Todo viene de principios de la década de los 50, que ya ha llovido, ya, de cuando el abajo firmante, con 6-8 añitos, vivía en San Roque, el barrio de los “machas”. Con sus hermanos --Paquito y Tito (Jacinto)-- y sus amiguetes jugando todo el joío día en la calle. Lugar ideal de juegos de los niños de entonces, mientras las madres se dedicaban a las tareas del hogar, en tanto los padres estaban ausentes, por los diversos trabajos y oficios del día a día. Bueno, pues resulta que un día de verano, a eso de media mañana, mi santa madre --la señá Sima, que en paz descanse-- salió a la calle a buscarme. Seguro que para algún recado de cerca, que era el mayor de la terna, y, ya se sabe, que el mayor siempre tenía que estar presto a cualquier contingencia doméstica.
Y, mirando y remirando, que no me veía. Seguro que estaría metido en algunos de los corralones cercanos o en casa de alguna comadre vecina, pensó. Y, después de buscar por aquí, por allá y por acullá, que Pedrito no aparecía. Y, mi madre, que se puso en plan pregonera, desgañitándose:
--¡Pedritoooooooooo…!, ¿dónde estáaaaaaaas…?
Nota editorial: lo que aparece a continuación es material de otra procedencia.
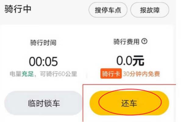 3、在“骑行中”页面点击还车。
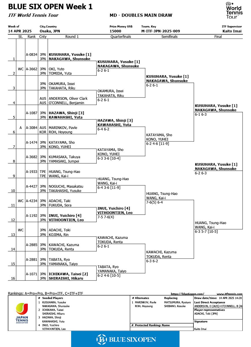 楠原悠介、川橋勇太、山﨑純平がシードダウンを演じて準々決勝進出。単複で8強が出揃う 内山靖崇主催のITF大会「BLUE SIX OPEN」
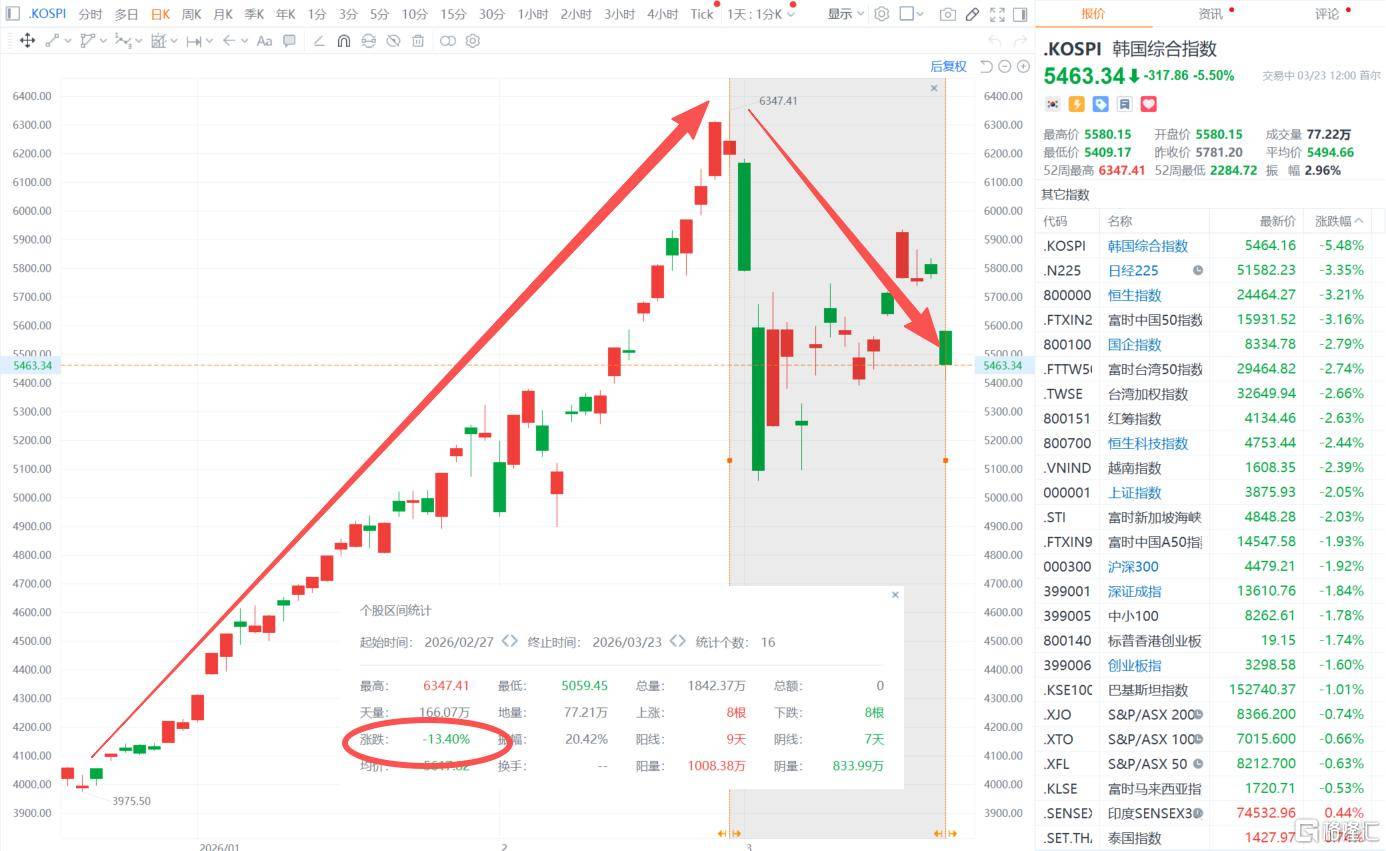 韩国综合指数一度暴跌超6%。自美伊以战事爆发以来,该指数从2月底的高点已经大幅回撤13%。
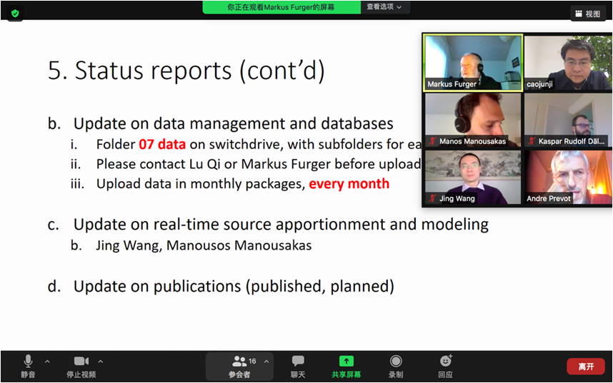 The 2nd Technical and Management Meeting of Sino-Swiss Clean Air China Project (Phase 1) was held virtually on March 5, 2021. The 1st meeting was taken place on February 4 in this year. Overall 16 participants attended the meeting, including project leaders of Dr. Andre Prevot, Prof. Jing Wang, and Prof. Junji Cao, together with other members from Paul Scherrer Institute (PSI), Swiss Federal Institute of Technology Zurich (ETH), and Institute of Earth Environment, Chinese Academy of Sciences (IEECAS). Dr. Markus Furger coordinated the meeting and gave a discussion report on the progresses and updates having been made thus far. Interactive communication and valuable inputs were made effectively by the participates with regard to the past and recent field campaigns, data management and databases, source apportionment and modelling , publications, and sharing and disseminating project results and experiences. To date, the project goes smoothly since it was started from September, 2019. Further virtual internal workshop to discuss outcomes and strengthen scientific exchange was scheduled on this May. A public virtual meeting for outreaching was also planned in fall 2021, where results will be presented to stakeholders and interested persons.

Y el Pedrito de la historia, sin dar señales de vida. La desaparición del primogénito de los Montero trascendió y mi madre, en unión de media docena de vecinas, montó una patrulla en toda regla, a la búsqueda del niñato perdido. Entretanto, mi madre que no cejaba:
--¡Pedritoooooooooo…!
Tras más de una hora de incesante búsqueda, con los nervios de las madamas del barrio a flor de piel, el Pedrito de las narices que apareció. Pero, ¿sabéis dónde? ¡Detrás de un cortejo fúnebre! Y junto a la antigua gasolinera de los Ayala. A punto de pasar el puente del Rivillas. Como os lo cuento. Un entierro en toda regla, pero de los antiguos. Con su carromato mortuorio, tirado por un par de caballos enjaezados de negro, negrísimo, su caja de pino y su muerto dentro. Precedido por dos hileras de pobres del Asilo, velón en ristre, y seguido por el cura, el sacristán y los monagos de la parroquia, además de una respetable concurrencia de familiares, vecinos y amigos. Y todos, menos el muerto, a pie enjuto. Y del tal Pedrito, claro, que, embobado, seguía el ritual fúnebre desde San Roque hasta no se sabe dónde. Bueno, sí se sabía: hasta la capilla del viejo hospital provincial de San Sebastián, junto a la plaza de Minayo, que servía para despedir el duelo y dar la “cabezá”, antes de que el cortejo cogiera camino del cementerio. El de la carretera de Olivenza, el “viejo”, que no había otro.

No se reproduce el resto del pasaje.